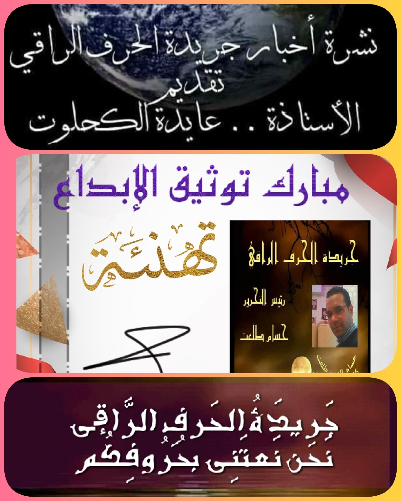 أخبار جريدة 📰الحرف الراقي .. الركن السياسي.. رئيس التحرير .. الأستاذ .. حـسـام الـديـن طـلـعـت .. إعداد وتقديم .. الأستاذة.. عايدة الكحلوت .. 🇵🇸🇪🇬
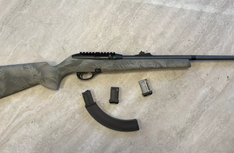 Remington 597 with two 10 rd mags and one 25 rd mag
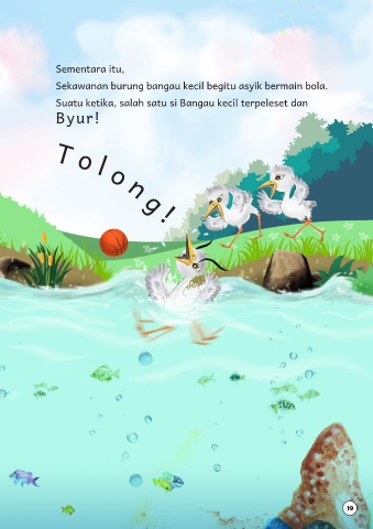 Sementara itu, Sekawanan burung bangau kecil begitu asyik bermain bola. Suatu ketika, salah satu si Bangau kecil terpeleset dan Byur! T o l o n g ! 19
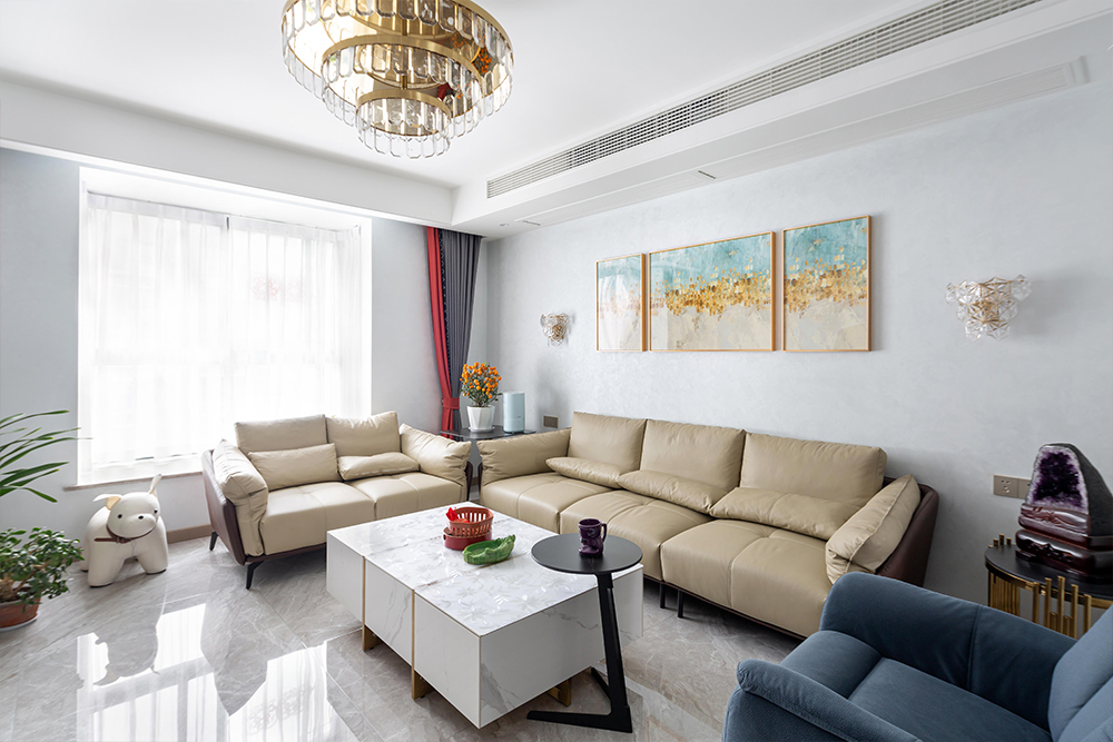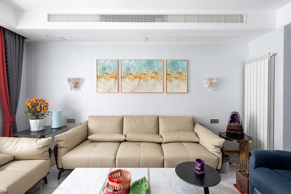 從客廳處映入眼簾的便是郁郁蔥蔥的綠植,體現(xiàn)出屋主對(duì)于生活認(rèn)真的態(tài)度??蛷d的墻面板采用白色大理石紋路,墻面的裝飾畫給整個(gè)空間增添了美感。
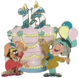 Mad Hatter and March Hare is a Limited Edition (LE) 300 pin from the D23 15 Fan-tastic Years - 15th Anniversary Cakes Collection pin series. It was originally released on , 2024 and was available from Disney Employee Center .

★ ★ ★ ★ ★ ★ ★

[Required work] Your copy should hold exactly and only the lines from the one containing "Sementara itu, Sekawanan" through the end of the material, inclusive, repeated word for word and without pictures.

[Answer to the exercise]
 Sementara itu, Sekawanan burung bangau kecil begitu asyik bermain bola. Suatu ketika, salah satu si Bangau kecil terpeleset dan Byur! T o l o n g ! 19
 從客廳處映入眼簾的便是郁郁蔥蔥的綠植,體現(xiàn)出屋主對(duì)于生活認(rèn)真的態(tài)度??蛷d的墻面板采用白色大理石紋路,墻面的裝飾畫給整個(gè)空間增添了美感。
 Mad Hatter and March Hare is a Limited Edition (LE) 300 pin from the D23 15 Fan-tastic Years - 15th Anniversary Cakes Collection pin series. It was originally released on , 2024 and was available from Disney Employee Center .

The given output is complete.